══ MATERIAL PROVIDED ══
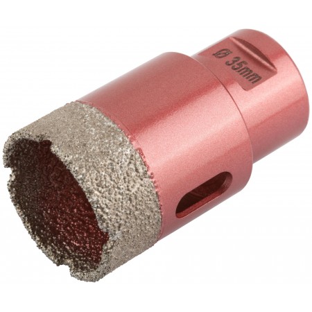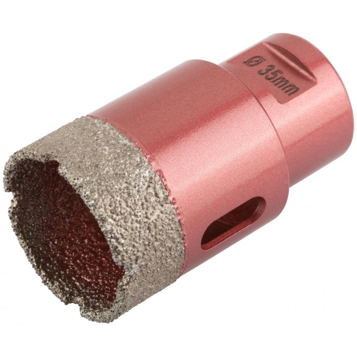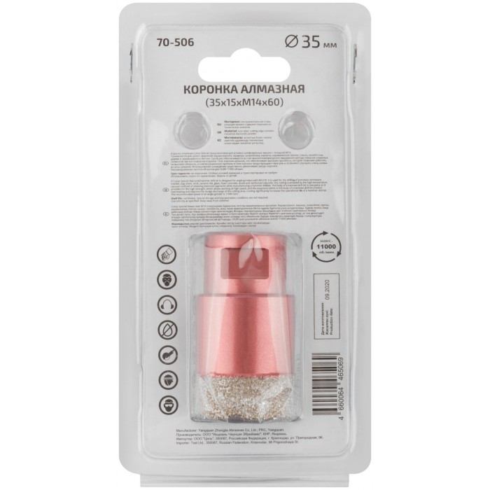 Коронка алмазная Cutop Special предназначена для УШМ с посадкой М14. Применяется для сухого сверления: керамогранита, мрамора, шлакоблока, кирпича, керамической плитки, стекла, пенобетона, дерева и армированного бетона. Сухой рез обеспечивается за счет высокотемпературного вакуумного метода спекания алмазных сегментов при изготовлении коронки. Тело коронки цельное, что обеспечивает высокую прочность, которая позволяет работать на самых высоких оборотах. Использование охлаждения существенно увеличивает ресурс коронки. В коронках диаметром 25-68 мм имеются компенсационные пропилы, которые предотвращают перегрев и позволяют улучшать отвод шлама из зоны резания. Материал: Инструментальная сталь, технические алмазы. Упаковка: блистер.
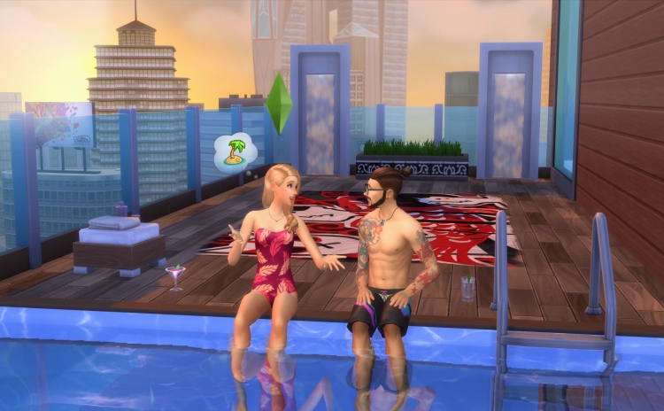 Добро пожаловать в Сан Мишуно! Как, вы уже живете в городе? Где, если не секрет? Ой. Надо же. В одной из этих квартир? Мы считаем, что ваши симы достойны лучшего! Пожалуйста, следуйте за нами, мы покажем вам последний этаж. Пентхаусы — это элитные квартиры в дополнении «The Sims 4 Жизнь в городе»*, которое выйдет в ноябре. Мы считаем, что вашим искушенным симам подойдут именно пентхаусы.
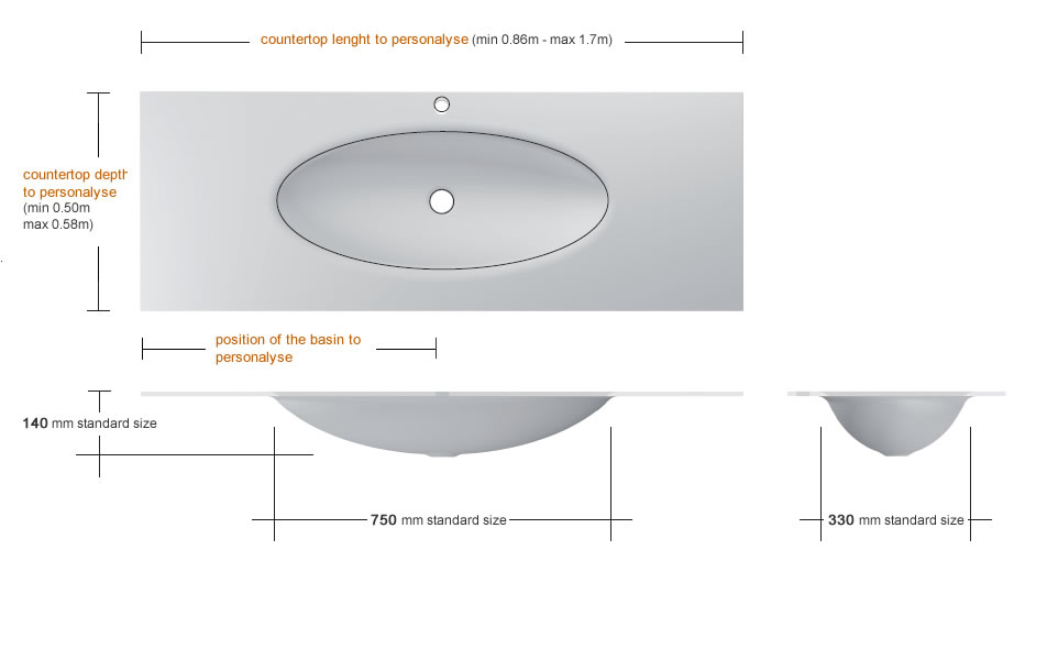 The lenght and depth of the surface, the position of the basin (left, right or central), the colour, the finish can be personalised. The image shows an example of Oval 750 created with the following parameters:
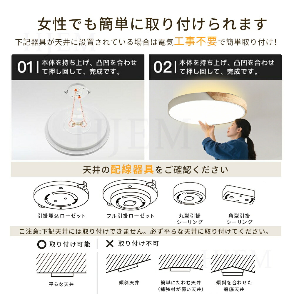 3 灯モデルは直付型の仕様で、専門の施工が必要です。安全を期して取り付けに不安がある方は、電気工事店等の業者様にご依頼することをお勧めいたします。
═══
[PROBLEM STATEMENT]
Reproduce the material above in full, exactly, with no images.

[FINISHED EXERCISE]
 Коронка алмазная Cutop Special предназначена для УШМ с посадкой М14. Применяется для сухого сверления: керамогранита, мрамора, шлакоблока, кирпича, керамической плитки, стекла, пенобетона, дерева и армированного бетона. Сухой рез обеспечивается за счет высокотемпературного вакуумного метода спекания алмазных сегментов при изготовлении коронки. Тело коронки цельное, что обеспечивает высокую прочность, которая позволяет работать на самых высоких оборотах. Использование охлаждения существенно увеличивает ресурс коронки. В коронках диаметром 25-68 мм имеются компенсационные пропилы, которые предотвращают перегрев и позволяют улучшать отвод шлама из зоны резания. Материал: Инструментальная сталь, технические алмазы. Упаковка: блистер.
 Добро пожаловать в Сан Мишуно! Как, вы уже живете в городе? Где, если не секрет? Ой. Надо же. В одной из этих квартир? Мы считаем, что ваши симы достойны лучшего! Пожалуйста, следуйте за нами, мы покажем вам последний этаж. Пентхаусы — это элитные квартиры в дополнении «The Sims 4 Жизнь в городе»*, которое выйдет в ноябре. Мы считаем, что вашим искушенным симам подойдут именно пентхаусы.
 The lenght and depth of the surface, the position of the basin (left, right or central), the colour, the finish can be personalised. The image shows an example of Oval 750 created with the following parameters:
 3 灯モデルは直付型の仕様で、専門の施工が必要です。安全を期して取り付けに不安がある方は、電気工事店等の業者様にご依頼することをお勧めいたします。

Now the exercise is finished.